VI. Certificate of Appealability
AEDPA codified standards governing the issuance of a certificate of appealability for appellate review of a district court's disposition of a habeas petition. It provides that “[u]nless a circuit justice or judge issues a certificate of appealability, an appeal may not be taken to the court of appeals from . . . the final order in a habeas corpus proceeding in which the detention complained of arises out of process issued by a State court[.]” 28 U.S.C. § 2253(c)(1)(A). It also provides that “[a] certificate of appealability may issue . . . only if the applicant has made a substantial showing of the denial of a constitutional right.” Id. § 2253(c)(2).
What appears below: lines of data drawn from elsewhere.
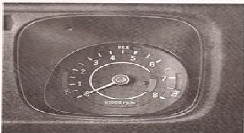
TACHOMETER — PART NO. 24855—N0800 TACHOMETER HARNESS — PART NO. 24158—A5400

The best bet yet for developing peak performance in DATSUN's 510 engine is this quality electronic tachometer. The DATSUN tachometer is ideal for the sports rallyist or the concerned motorist who wants to get the most out of gas mileage and engine life. Fits right next to the speedometer allowing easy viewing of speed and engine rpm's. The DATSUN tachometer plugs into the tachometer harness which must be ordered separately.
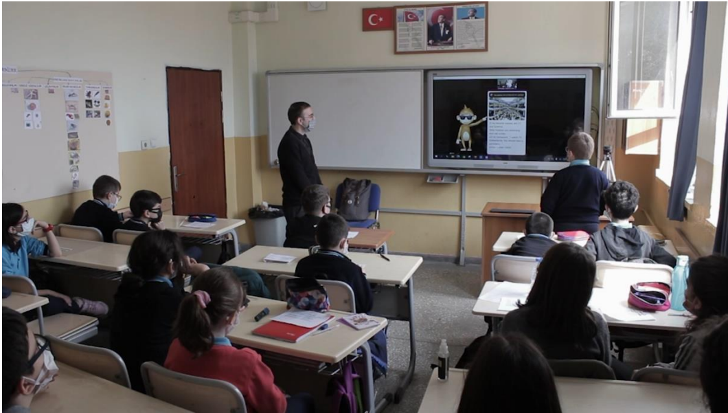
Figure 1. A moment from the intervention with the APA collaborating with the teacher

Overall, the intervention with APA went without any major issues and the planned script was followed as planned. However, on a few occasions, the teacher needed to ask students and/or the APA to speak again as the audio was not clear in one of the two stations. After the formative assessment was delivered by the APA, the teacher asked the students to complete the follow-up activity, which included five questions covering the objectives from the five units (see Appendix 4). The objectives of the activity were similar in both the Padlet assignment, and the follow-up activity. The difference between the Padlet and the follow-up activity was that in the latter, the students completed the task in the classroom and on paper. The time allocated for the follow-up activity was 10 minutes. After the follow-up activity, a motivation questionnaire consisting of six questions on a 5 Likert scale was handed out to the students to fill in (see Appendix 5). 5 minutes were allowed for completion of the questionnaire.
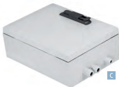
Robust housing with three cable entry points and swivel lever
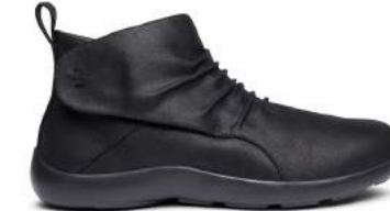
No. 91 | Casual Boot Black
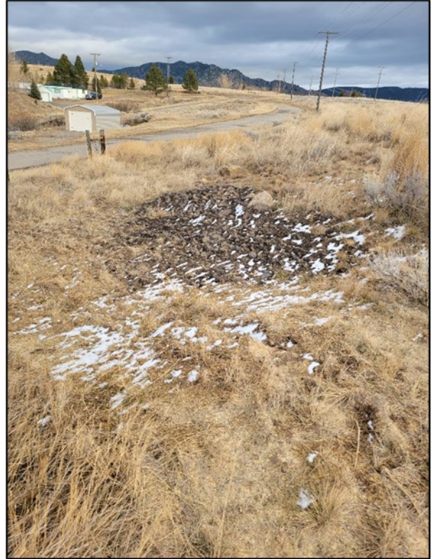
Photograph 2: Repaired Barren Area/Vegetative Improvement
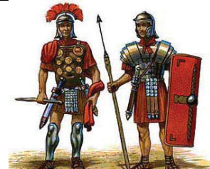
Ancient Roman Soldier
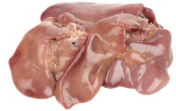
Offal e.g. Liver & Kidney
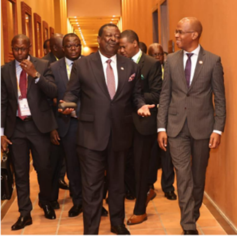
Kenya's PCS Musalia Mudavadi with Tanzania's January Makamba on the sidelines of NAM Summit

In the sidelines of the ongoing summit for non-aligned movement member states in Kampala, Kenya's Cabinet Secretary for Foreign and Diaspora Affairs H.E Musalia Mudavadi had a conversation with his Tanzanian counterpart Dr. January Makamba where the former called on East African Community's member States to rally together and embody the vision of the intergovernmental organization, which relates to a prosperous, secure, stable but most importantly a politically united East Africa.

“When the district court denies a habeas petition on procedural grounds without reaching the prisoner's underlying constitutional claim, a [certificate of appealability] should issue when the prisoner shows, at least, that jurists of reason would find it debatable whether the petition states a valid claim of the denial of a constitutional right and that jurists of reason would find it debatable whether the district court was correct in its procedural ruling.” Slack, 529 U.S. at 484. When the district court has rejected a constitutional claim on its merits, “[t]he petitioner must demonstrate that reasonable jurists would find the district court's assessment of the constitutional claims debatable or wrong.” Id. Applying those standards here, jurists of reason would not find it debatable whether each of Harrison's claims should be denied. The Court, therefore, will not issue a certificate of appealability on any of Harrison's claims.
VII. Conclusion
For all these reasons, the Court will deny each of Harrison's habeas claims and will deny a certificate of appealability with respect to each claim. An appropriate order follows.